Tantangan yang Perlu Diantisipasi
Peluang besar biasanya juga diikuti persaingan yang ketat. Karena modal masuk ke bisnis aksesoris relatif kecil, jumlah pemain baru terus bertambah, sehingga perang harga menjadi risiko nyata terutama untuk produk yang mudah ditiru seperti bando atau gelang manik-manik polos. Diferensiasi lewat desain khas, kemasan, atau segmentasi pasar yang lebih spesifik menjadi kunci supaya tidak terjebak dalam persaingan harga semata.
Tren aksesoris juga berubah cukup cepat mengikuti gaya hidup dan budaya populer. Produk yang laris bulan ini belum tentu masih diminati enam bulan ke depan, sehingga pelaku usaha perlu terus memantau apa yang sedang digemari di media sosial dan menyesuaikan desain tanpa kehilangan identitas produk.
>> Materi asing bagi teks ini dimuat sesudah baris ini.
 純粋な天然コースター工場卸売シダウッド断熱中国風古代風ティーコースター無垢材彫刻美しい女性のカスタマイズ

Bagi yang serius menjalankan usaha ini dalam jangka panjang, sebaiknya juga mulai mempertimbangkan legalitas usaha sederhana seperti NIB agar lebih mudah mengakses program pembiayaan UMKM atau bermitra dengan platform tertentu.
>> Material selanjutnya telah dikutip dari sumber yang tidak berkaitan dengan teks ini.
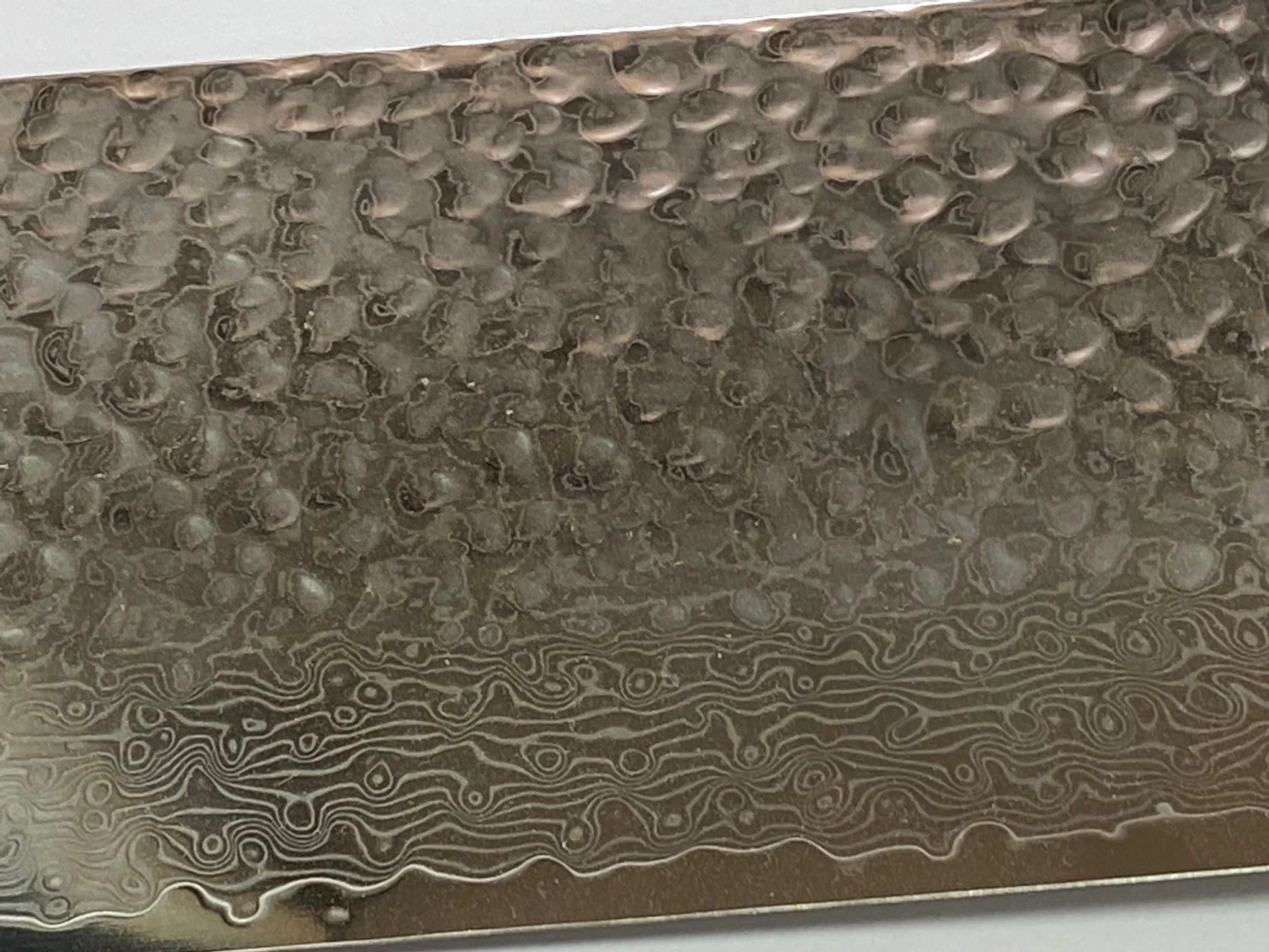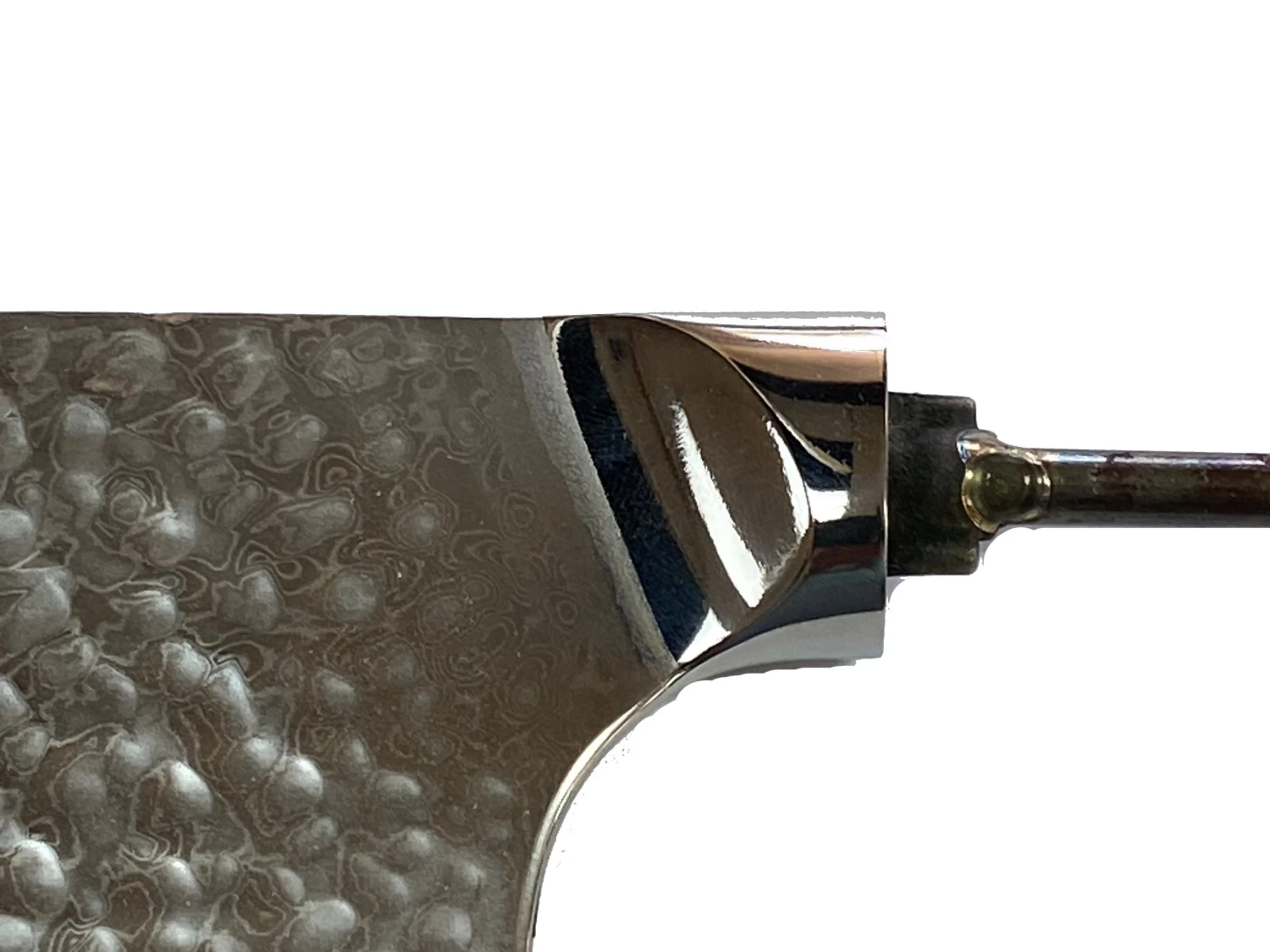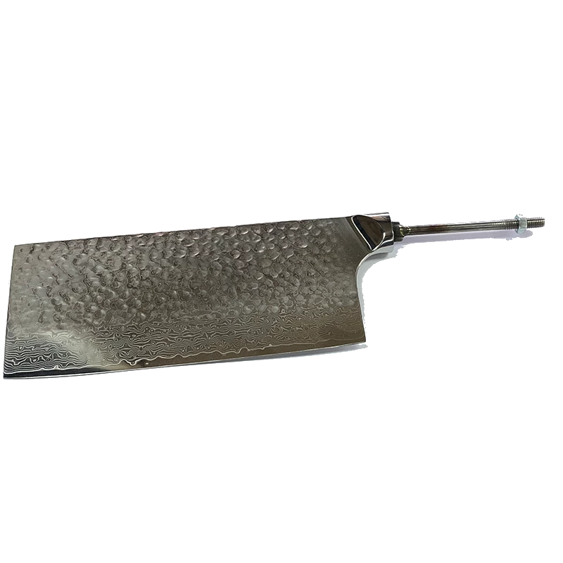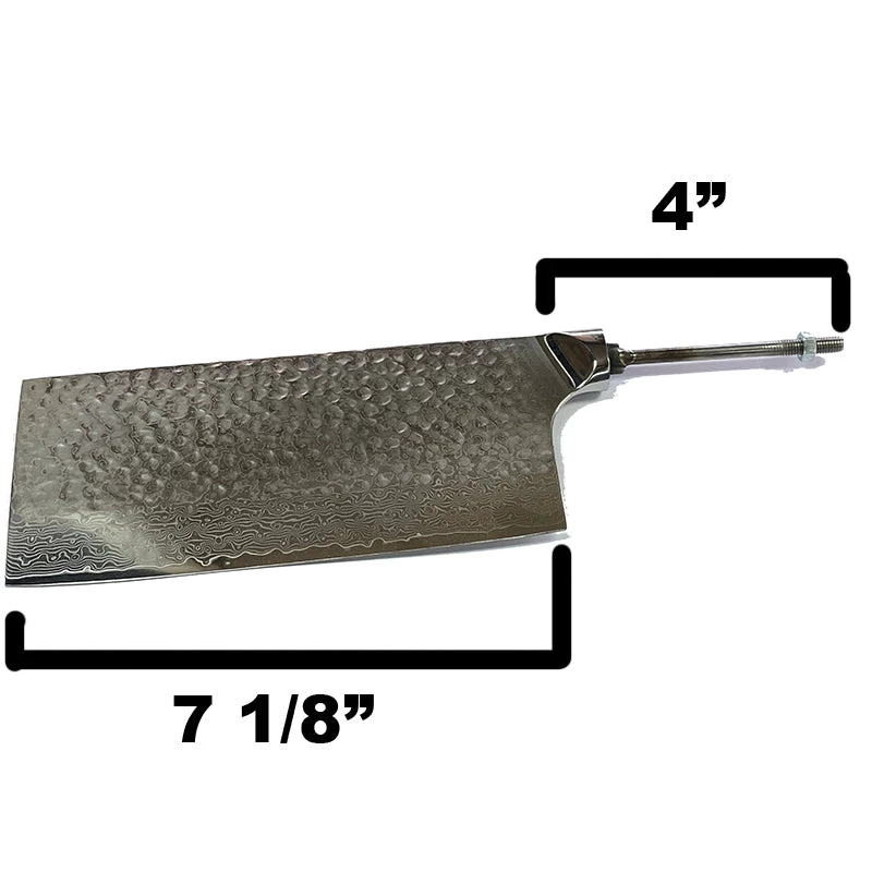 VG10 Damascus Hidden Tang 7 1/8″ elegant Raindrop Pattern Cleaver. The knife is polished to a mirror finish to  bringing out the unique pattern. It’s integrated bolsters provide a smooth, sturdy flow to the handle area.Â

Peluang usaha aksesoris pada dasarnya bukan lagi soal ada atau tidaknya pasar, karena data menunjukkan pasar itu jelas ada dan terus tumbuh. Yang membedakan siapa yang bertahan dan siapa yang tenggelam adalah kejelian memilih niche yang sesuai kemampuan produksi, konsistensi dalam membangun citra produk, dan kecepatan beradaptasi dengan selera pasar yang terus bergeser. Pelaku usaha yang memulai dari niche kecil namun spesifik, alih-alih mencoba menjual segala jenis aksesoris sekaligus, umumnya punya peluang lebih besar untuk membangun basis pelanggan yang loyal.